I decided to learn Arabic by joining the Peace Corps in the beautiful Hashemite Kingdom of Jordan because I wanted the language skills to help Iraqi and Palestinian refugees. That career didn’t work out, but I fell in love with second language teaching.
In the course of more than a decade of teaching English to (mostly) Arabs, and Arabic to (mostly) English speakers, I couldn’t help but see a vast gap in the kinds and quality of curriculum available for English as an Additional Language (EAL) vs. Arabic as a Foreign Language (AFL), and the disparity in research underpinning that gap.

This brought me to my PhD in Second Language Acquisition and Teaching, where I am pursuing skills that will help me develop more effective AFL materials and curriculum, with a particular focus on the first semester and year of Arabic studies.
At the university, I have two focuses: my language acquisition research interests, and my Arabic teaching priorities.

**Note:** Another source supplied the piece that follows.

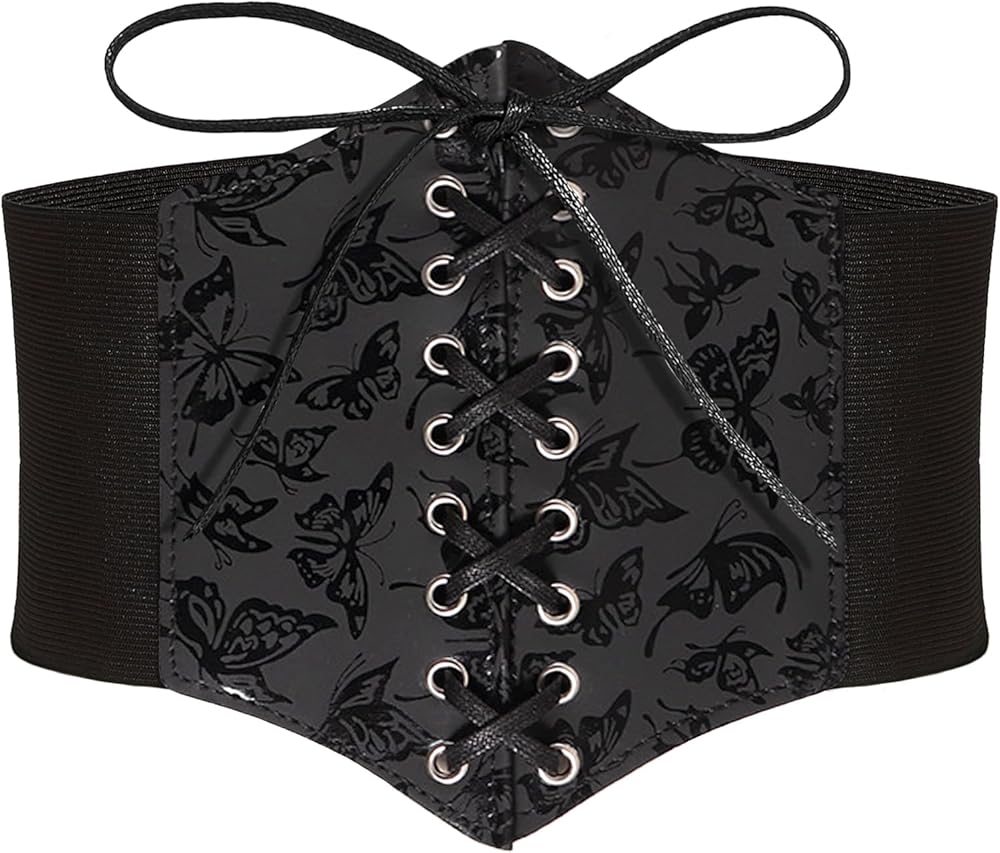 أحزمة خصر مرنة للنساء، مشد قرصان واسع مرن برباط لفستان فراشة داكنة، حزام خصر عصر النهضة للأزياء التنكرية

As a researcher, I’m curious about how children acquire Arabic as a first language, particularly verb morphosyntax.
- If we can establish an acquisition order for Arabic as a first language, can it help us organize more effective curricula for teaching AFL, as has been in the case for EAL?

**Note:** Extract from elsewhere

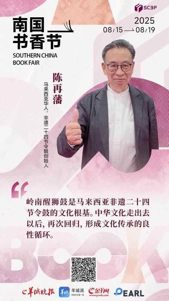 马来西亚第二代华人、非遗二十四节令鼓创始人陈再藩受邀参加本次书香节,他告诉记者,二十四节令鼓这项以岭南醒狮鼓为文化根基的非遗项目正准备申报人类非遗。

As an educator, I’m interested in inclusion and Universal Design for Learning (UDL) across many facets of student diversity.
- How do we ensure that first-year students, including first generation college students, are set up to succeed in the university environment and the language learning classroom?

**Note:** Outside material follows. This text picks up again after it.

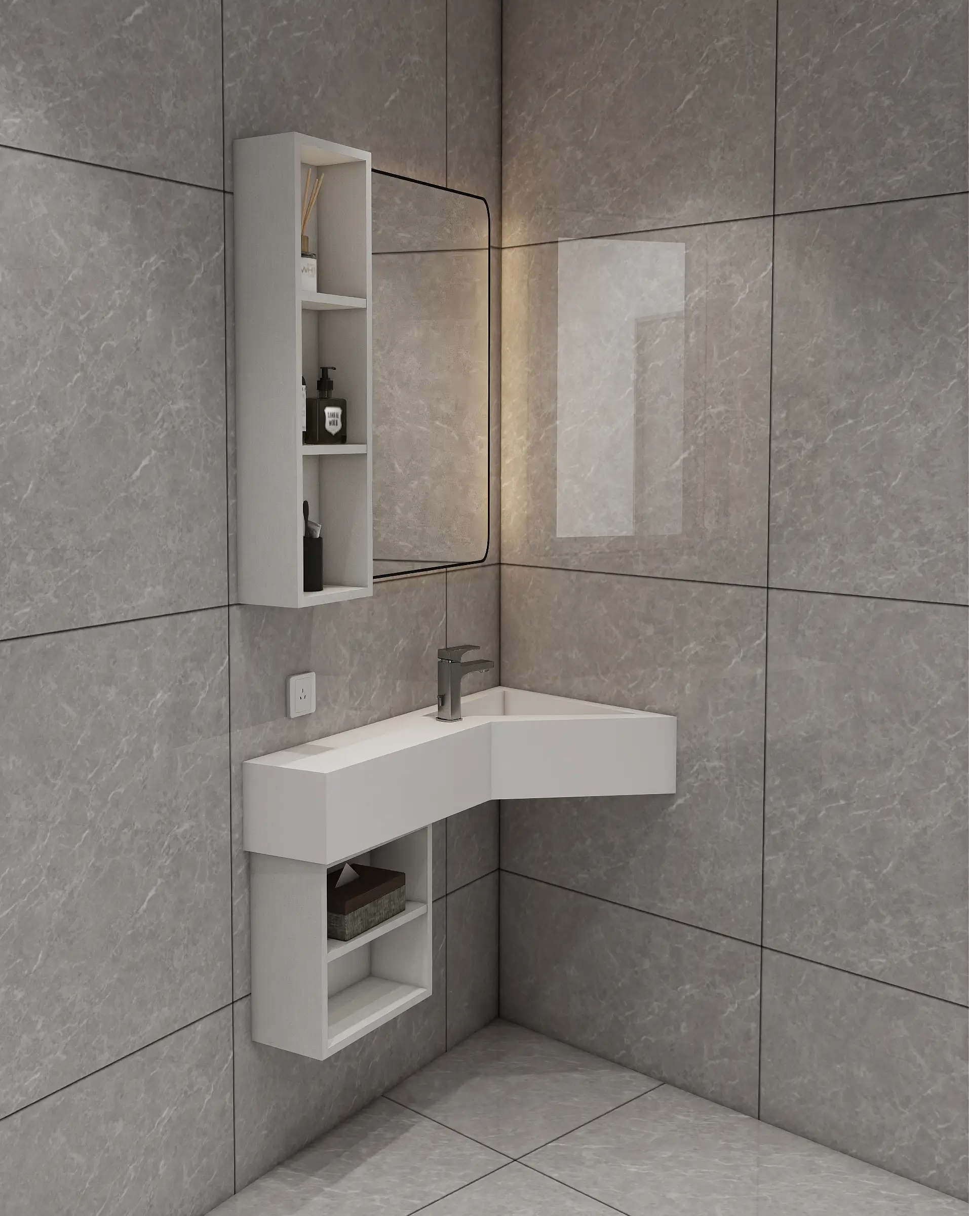Maximize your bathroom space with a corner vanity, designed to fit perfectly in corners with integrated countertops and clever lighting. Combine it with a bathroom mirror cabinet to boost storage and functionality.

- How do we manage the needs and insecurities of heritage speakers of Arabic dialects who may not be literate in Arabic, tajweed students who are literate in Arabic but can’t communicate in it, and second language learners who are neither speakers of Arabic nor literate in Arabic?
- How do we ensure that queer and nonbinary students feel included in a profoundly binary language like Arabic?
- How do we accommodate students with disabilities, and especially language-specific disabilities like dyslexia?